# desinstalar paquete y que no se instale nuevamente(finish)

## Pionerito

De que forma yo puedo hacer para que cuando yo ejecute un emerge -C -av paquete, cuando ejecute emerge -pvDN world no se instale de nuevo..

PD: lo borre del world, del package.use pero me sigue apareciendo...gracias por su tiempo..Last edited by Pionerito on Thu Apr 16, 2009 7:43 pm; edited 1 time in total

----------

## JotaCE

 *Pionerito wrote:*   

> De que forma yo puedo hacer para que cuando yo ejecute un emerge -C -av paquete, cuando ejecute emerge -pvDN world no se instale de nuevo..
> 
> PD: lo borre del world, del package.use pero me sigue apareciendo...gracias por su tiempo..

 

Seria interesante saber de que paquete se trata, pero para el caso da igual.

Si el paquete en cuestion es dependencia de algun otro paquete, inevitablemente se instalará.

Saludos

----------

## Pionerito

 *JotaCE wrote:*   

>  *Pionerito wrote:*   De que forma yo puedo hacer para que cuando yo ejecute un emerge -C -av paquete, cuando ejecute emerge -pvDN world no se instale de nuevo..
> 
> PD: lo borre del world, del package.use pero me sigue apareciendo...gracias por su tiempo.. 
> 
> Seria interesante saber de que paquete se trata, pero para el caso da igual.
> ...

 

el paquete es kde-base/kopete

----------

## JotaCE

 *Pionerito wrote:*   

>  *JotaCE wrote:*    *Pionerito wrote:*   De que forma yo puedo hacer para que cuando yo ejecute un emerge -C -av paquete, cuando ejecute emerge -pvDN world no se instale de nuevo..
> 
> PD: lo borre del world, del package.use pero me sigue apareciendo...gracias por su tiempo.. 
> 
> Seria interesante saber de que paquete se trata, pero para el caso da igual.
> ...

 

Si tienes instalado el paquete kde-meta, se reinstalara kopete cada vez!

----------

## ekz

Pero enmascararlo sería una solución ¿Cierto?

```
echo "kde-base/kopete" >> /etc/portage/package.mask
```

Saludos!

----------

## pelelademadera

creo que si enmascaras, no te actualizara...

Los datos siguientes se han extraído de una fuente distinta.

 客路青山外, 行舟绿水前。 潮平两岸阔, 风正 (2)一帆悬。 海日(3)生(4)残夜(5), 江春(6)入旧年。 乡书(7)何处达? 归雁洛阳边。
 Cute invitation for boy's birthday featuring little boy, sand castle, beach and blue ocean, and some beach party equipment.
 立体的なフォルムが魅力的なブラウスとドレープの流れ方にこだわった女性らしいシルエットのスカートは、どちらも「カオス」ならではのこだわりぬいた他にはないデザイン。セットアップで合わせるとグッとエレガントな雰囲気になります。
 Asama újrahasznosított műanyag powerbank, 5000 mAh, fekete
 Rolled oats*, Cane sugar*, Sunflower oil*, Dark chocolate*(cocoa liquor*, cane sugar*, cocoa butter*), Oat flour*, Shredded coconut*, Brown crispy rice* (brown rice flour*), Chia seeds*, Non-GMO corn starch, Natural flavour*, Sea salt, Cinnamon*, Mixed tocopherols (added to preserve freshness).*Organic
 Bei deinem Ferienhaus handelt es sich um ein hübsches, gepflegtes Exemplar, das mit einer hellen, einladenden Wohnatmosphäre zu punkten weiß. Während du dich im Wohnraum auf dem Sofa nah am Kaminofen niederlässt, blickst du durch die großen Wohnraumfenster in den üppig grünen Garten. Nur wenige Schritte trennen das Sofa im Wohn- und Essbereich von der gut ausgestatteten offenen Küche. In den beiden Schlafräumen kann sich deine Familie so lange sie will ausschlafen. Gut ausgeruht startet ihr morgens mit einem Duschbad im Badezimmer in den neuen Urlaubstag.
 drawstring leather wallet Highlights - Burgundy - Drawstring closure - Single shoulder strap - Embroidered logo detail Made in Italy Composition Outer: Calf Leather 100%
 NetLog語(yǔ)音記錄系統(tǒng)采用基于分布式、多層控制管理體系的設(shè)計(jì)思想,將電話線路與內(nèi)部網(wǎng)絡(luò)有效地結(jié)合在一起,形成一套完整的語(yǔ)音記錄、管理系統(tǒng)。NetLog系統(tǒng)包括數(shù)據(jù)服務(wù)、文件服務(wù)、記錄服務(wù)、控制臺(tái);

te dira que las dependecias estan enmascaradas.

la posta es no instalar el meta, e instalar lo que necesites

----------

## i92guboj

Enmascararlo no es una solución. La solución es estudiar las dependencias y resolverlas de forma correcta.

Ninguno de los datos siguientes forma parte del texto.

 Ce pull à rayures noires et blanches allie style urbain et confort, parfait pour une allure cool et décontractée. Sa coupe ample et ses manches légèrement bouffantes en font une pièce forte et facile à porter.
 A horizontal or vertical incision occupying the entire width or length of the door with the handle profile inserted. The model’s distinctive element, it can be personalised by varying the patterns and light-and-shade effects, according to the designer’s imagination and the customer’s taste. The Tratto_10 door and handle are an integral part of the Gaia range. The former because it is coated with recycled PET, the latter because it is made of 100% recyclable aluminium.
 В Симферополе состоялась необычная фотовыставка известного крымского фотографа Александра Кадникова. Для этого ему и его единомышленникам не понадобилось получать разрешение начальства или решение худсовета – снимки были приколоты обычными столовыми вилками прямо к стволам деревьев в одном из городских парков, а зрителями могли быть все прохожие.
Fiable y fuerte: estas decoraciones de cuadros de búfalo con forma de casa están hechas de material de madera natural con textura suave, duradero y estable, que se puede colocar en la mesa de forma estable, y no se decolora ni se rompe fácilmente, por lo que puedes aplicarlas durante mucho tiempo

Si un paquete se instala, o bien está en world (lo instalaste tú mismo conscientemente), o bien es dependencia directa o indirecta de un paquete que reside en world.

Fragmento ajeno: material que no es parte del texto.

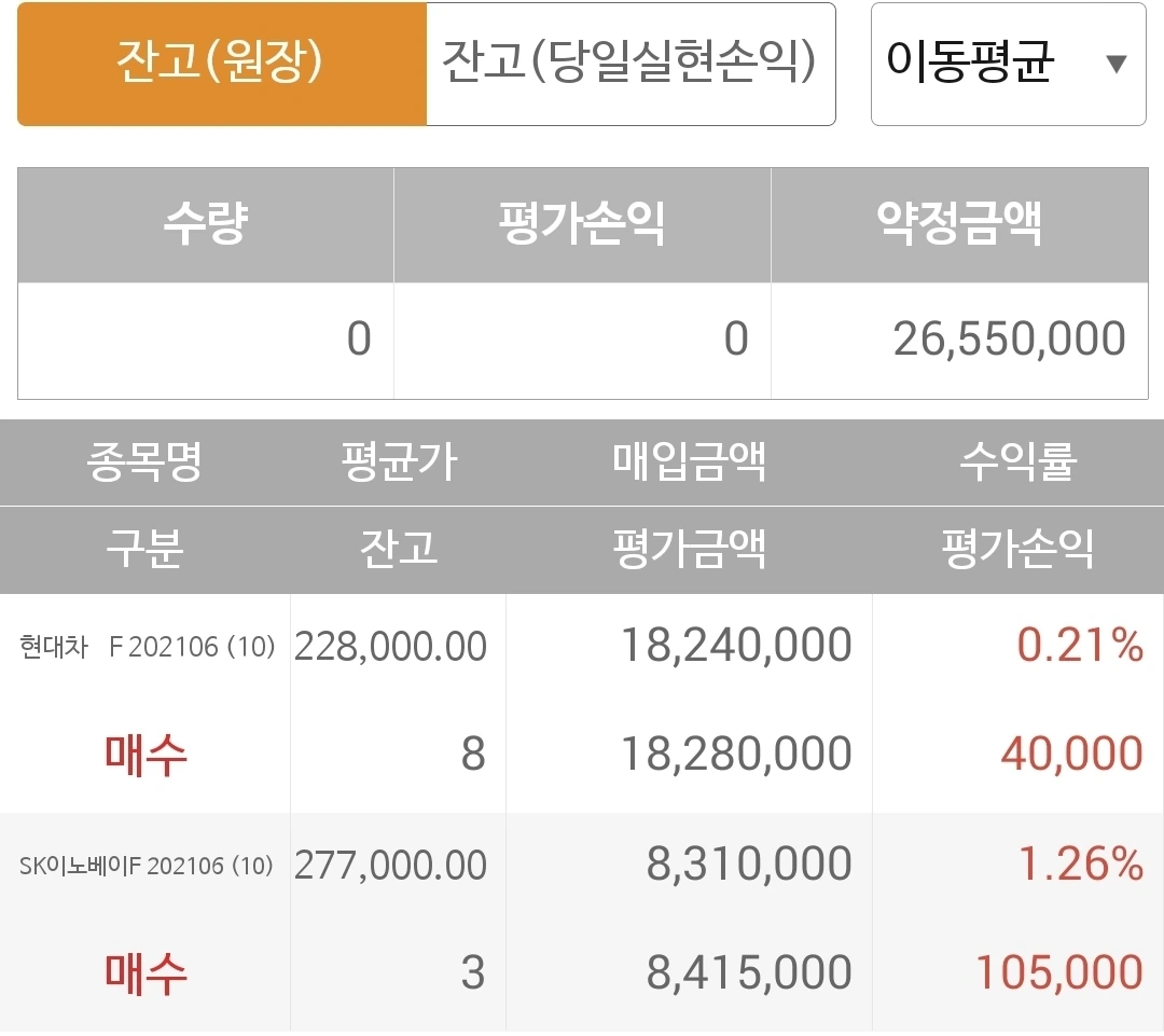 사진 2. 선물 주식. 현대차와 SK이노베이션으로 채워 넣은 모습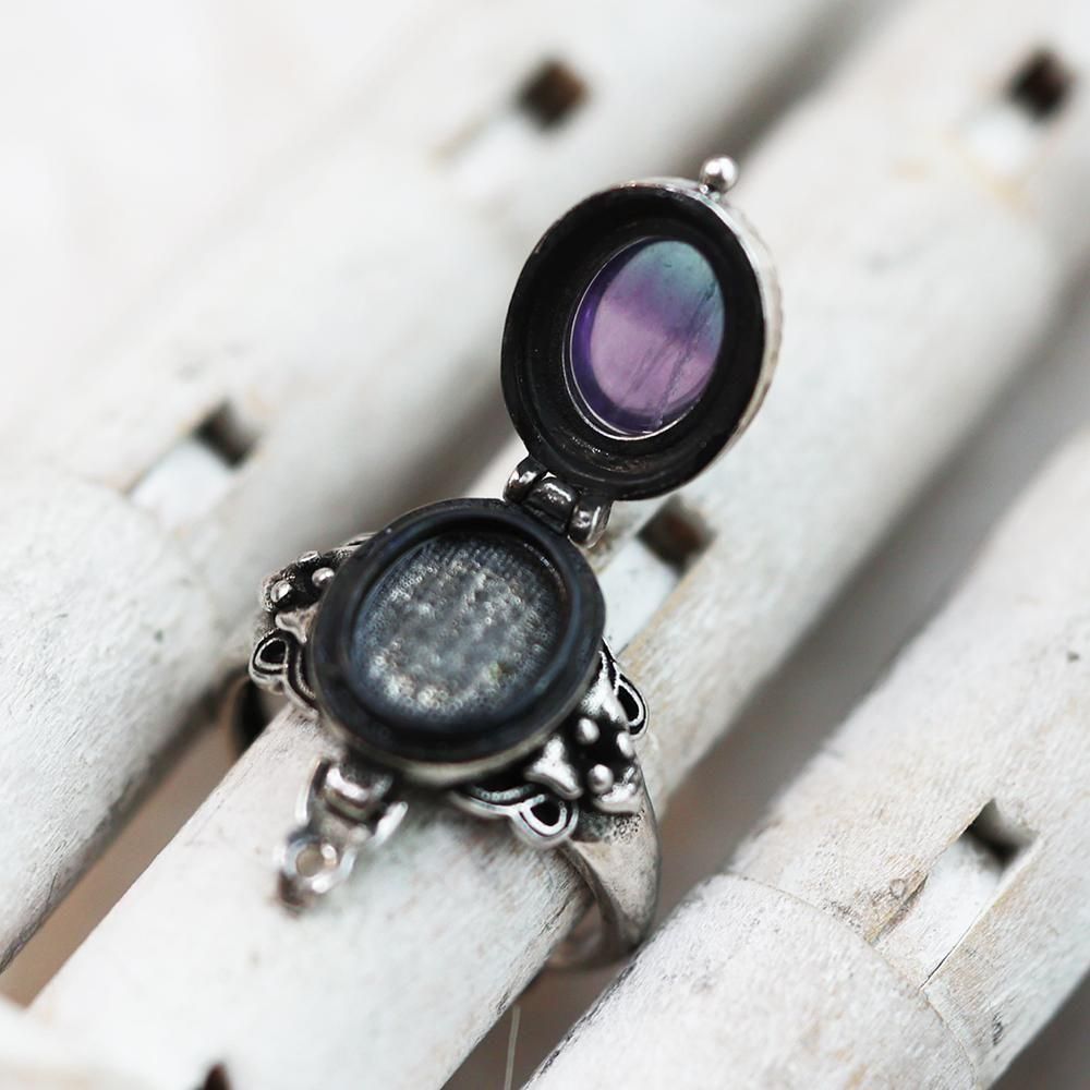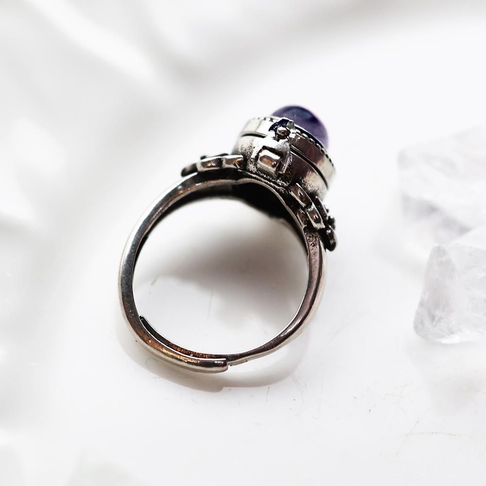 綺麗なピンク色のフローライトがあしらわれた、ロケットリングです。

Puedes usar emerge -pvt para ver en forma de árbol más información sobre los paquetes que dependen de kopete. Probablemente sea uno de kdenetwork, kdenetwork-meta, kde o kde-meta.

----------

## Txema

Como te han dicho, si no dices qué paquete es poco podemos hacer, si está siendo reinstalado por un paquete -meta, no habrá problema para quitarlo, pero si lo requiere otro paquete para su funcionamiento puedes borrarlo las veces que quieras que se va a volver a reinstalar.

Si es el primer caso, dependiente de un -meta, metelo en /etc/portage/profile/package.provided con el nombre completo del paquete y su versión (ej. kde-base/noatun-3.5.10), y no volverá a querer reinstalarlo.

Saludos.

P.D: si no existe la ruta creála, yo no la tenía y tuve que hacer un mkdir antes de crear el fichero.

----------

## i92guboj

package.provided tampoco existe para ese propósito. Tal y como se especifica en el handbook dicho archivo se usa para paquete automantenidos. Por ejemplo, para aquellos que quieren compilar a mano el kernel por algún motivo y no desean que gentoo-sources se instale. Es decir, paquetes que verdaderamente están instalados pero por algún motivo no se instalan usando portage.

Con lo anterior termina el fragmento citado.